To create a properly functioning and just publicly owned health service in Ireland would mean a reversal of the present government’s failed neo-liberal policies by calling a halt to putting the interests of banks and developers before people.

Meanwhile as already stated, Ireland has an appalling level of suicide and also the human rights of mental health patients remain a serious concern. Children are still admitted into adult psychiatric wards with all the dangers that that implies. Electroshock therapy or ECT, banned in many countries, is still being administered in Ireland, some times when the patient is not in a fit mental state to make a responsible decision to give their willing consent to the treatment. Not alone is this treatment not banned but its side effects including memory loss are rarely mentioned and alternative treatments are seldom suggested. The same can also be said for the use of over sedation and physical restraining of mental health patients. Also there is no adequate monitoring of involuntary detention, which should ideally be part of a totally restructured and democratically controlled health service as a whole.

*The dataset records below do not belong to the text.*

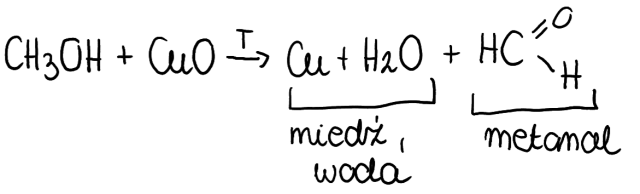 Zapisz wzory strukturalne i nazwij produkty utleniania metanolu.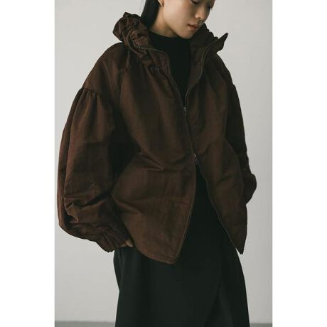 モデル身長172cm(FREEサイズ着用)襟にギャザーをたっぷりと寄せニュアンスをもたせた中綿入りブルゾン。上品な光沢感と適度な柔らかさとハリ感を合わせ持ったこだわりのナイロン素材を使用。ファスナーを上まで閉めたスタンドネックスタイルや少し開けて折り返した襟も楽しめます。後ろ襟に施された長めのドロストコードと深く入ったタックによりバックスタイルもこなれた印象に。ギャザーを寄せたゆったりとした丸みのある袖なので、厚手のニットも着用いただけます。裾は調整できるストッパー&ゴム仕様。ポケットあり。裏地あり。ストレッチなし、透け感なし。【お手入れ方法】マシンウォッシュ可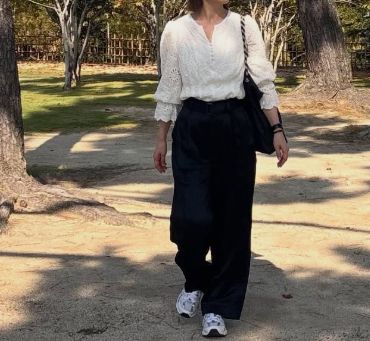 2. 着こなしが洗練見えの秘訣。白シャツ×黒パンツで楽しむ大人のフレンチシック【40代の毎日コーデ】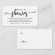 Niedliche Brautparty-Einschließkarte mit einem einfachen und minimalen Design in Schwarz-Weiß mit "Dusche" in Drehbuch und eine Nachricht, die Ihre Gäste frage, ihr Geschenk unverpackt verlassen. Sie können die Karte als Geschenk-Tag mit Skript "zu" und "von" auf der Rückseite oder löschen Sie den Text. Eine Schaudusche ist der perfekte Weg, um in einer Öko-freundlichen Art und Weise zu feiern, während man sich mehr Zeit für die Gäste lässt, als Geschenke zu öffnen.
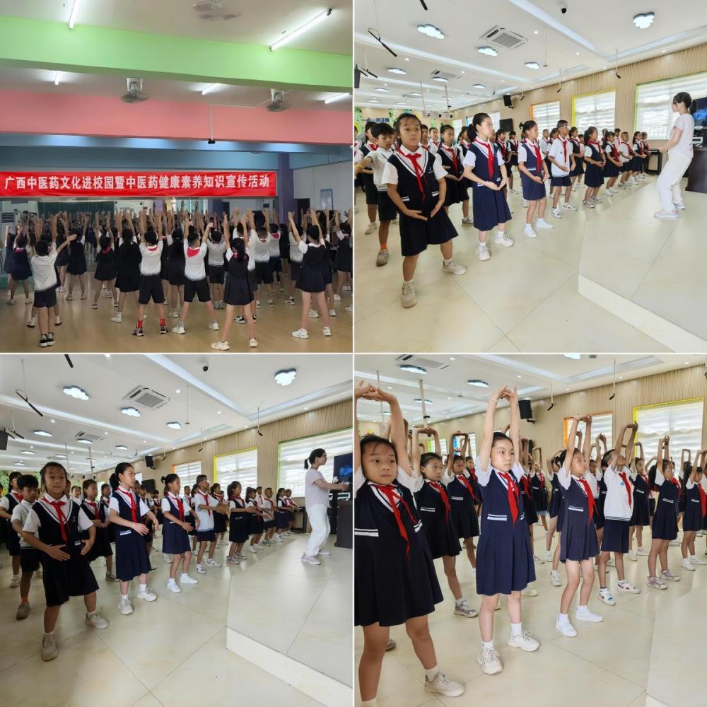 在玉州区第五实验小学,玉林市中西医结合骨科医院的科普小组成员向学生们传授了中医养生功法——八段锦。这套传统健身功法因其易于学习和效果显著而受到广泛喜爱,能够有效帮助学生放松身心,增强体质。在活动中,科普人员细致地指导学生掌握动作要领,并讲解了八段锦的养生原理及日常练习方法。学生们积极参与,认真学习,纷纷表示愿意将这套功法融入日常生活中。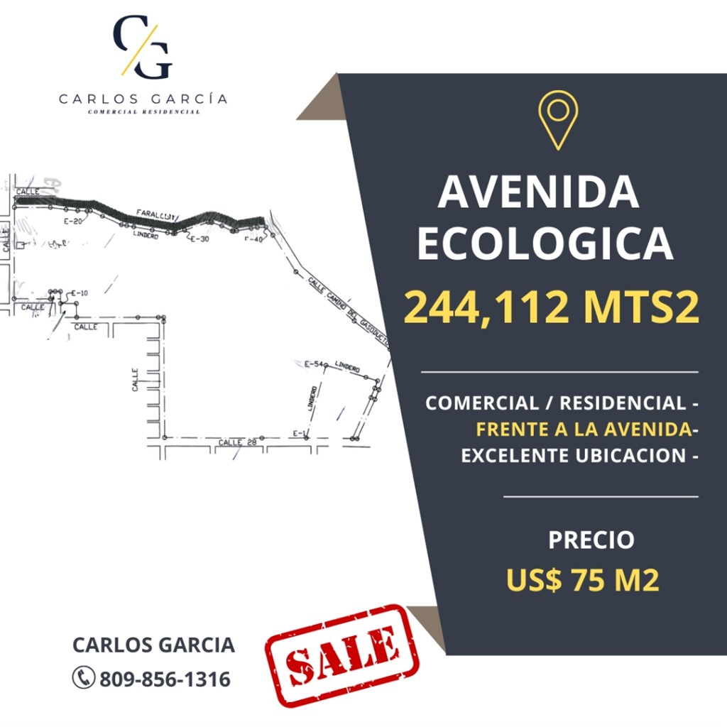 Terreno en Venta en la Avenida Ecológica – Santo Domingo Este Presentamos un amplio terreno o solar en venta de 244,112 m², estratégicamente ubicado en la Avenida Ecológica, Santo Domingo Este, una de las zonas de mayor crecimiento y desarrollo inmobiliario de la ciudad. Este solar en venta en Santo Domingo Este posee vocación comercial y residencial, lo que lo convierte en una excelente oportunidad para inversionistas y desarrolladores. Características principales: • Superficie total: 244,112 m² • Ubicación: Avenida Ecológica, Santo Domingo Este • Excelente visibilidad y acceso vial • Zona de alta proyección y crecimiento urbanístico Ideal para proyectos como: • Complejo de naves industriales • Naves de almacenamiento y centros logísticos • Parques empresariales o centros de distribución • Proyecto residencial de gran escala • Inversiones comerciales estratégicas Invertir en este terreno en la Avenida Ecológica significa asegurar una posición privilegiada en una de las zonas con mayor plusvalía de Santo Domingo Este, donde convergen desarrollos inmobiliarios, proyectos residenciales modernos y espacios para el comercio e industria. Contáctenos hoy mismo para más información sobre este terreno en venta en Santo Domingo Este y descubra todo el potencial que ofrece para su próximo proyecto inmobiliario.

The consequences of the Government’s short-sightedness is that mental health staff feel frustrated and that their dedication is being abused. Increasingly mental health patients are being issued with medication, to the delight of pharmaceutical corporations, because the government refuses to adequately fund an alternative social model or recovery model of mental health, which would provide alternatives to pills. As suggested in VFC, this model would include increasing staff numbers especially in the areas of psychology, counselling and occupational therapy. Greater funding would be provided for far increased mental health service user input and for initiatives such as for autonomous service user led drop in centres. The Irish Times editorial in October 2010 on the government’s implementation of Vision for Change commented:

“It is extraordinarily cynical of the Government to claim on the one hand to be tackling the negative stigma surrounding mental health, while on the other starving the sector of vital funding”.

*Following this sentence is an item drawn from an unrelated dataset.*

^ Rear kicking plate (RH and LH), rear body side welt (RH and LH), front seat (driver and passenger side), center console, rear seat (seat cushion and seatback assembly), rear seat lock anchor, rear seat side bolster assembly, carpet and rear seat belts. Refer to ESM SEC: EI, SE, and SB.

Under pressure, the new Fine Gael-Labour Government with Kathleen Lynch as Minister for Disability and Mental Health, did allocate E35ml. per annum for community mental health services in Budget 2012 and that this amount would be ring-fenced for future annual investment in the service. However, Orla Barry of Mental Health Reform, has argued that none of this is new money. It represents a transfer of funds from hospital based services to community based services and in fact the mental health budget will suffer a cut of one per cent for 2012. As none of this E35ml. has yet been spent and as none of the promised 370 additional posts has been filled, Barry argues that we could actually be looking at an effective cut of almost six per cent in mental health funding by the end of 2012.

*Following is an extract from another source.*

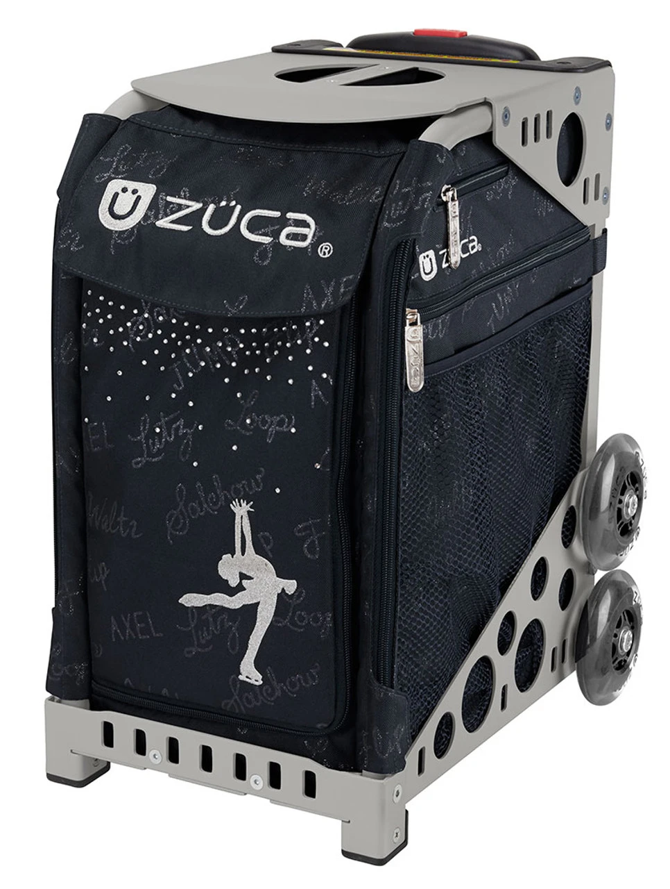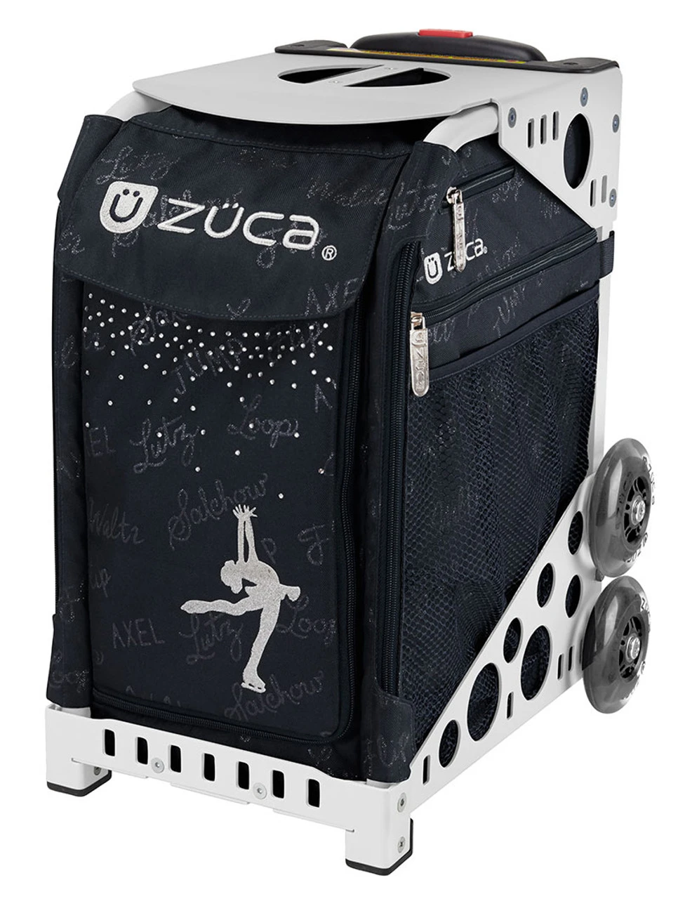 Ice Queen was designed with the elegance of an ice skater in mind. The fluidity of motion, as the skater gracefully flows on the bag, is accented by falling snow of the winter season. Embellished rhinestones bring the snow to life, making the Ice Queen bag a fashion accessory fit for the beauty of an ice skater.

At the beginning of September, the current government’s Minister for Health James Riley the transfer of the additional E35ml promised to community mental health services to offset the deficit in the HSE. This was met by a demonstration outside government buildings by those demanding that the Government continue to stand by its commitment to mental health funding. This is precisely the type of direct action by service users, their advocates and families, linked to all those opposing cuts and charges which will force the government to reverse its neo-liberal agenda.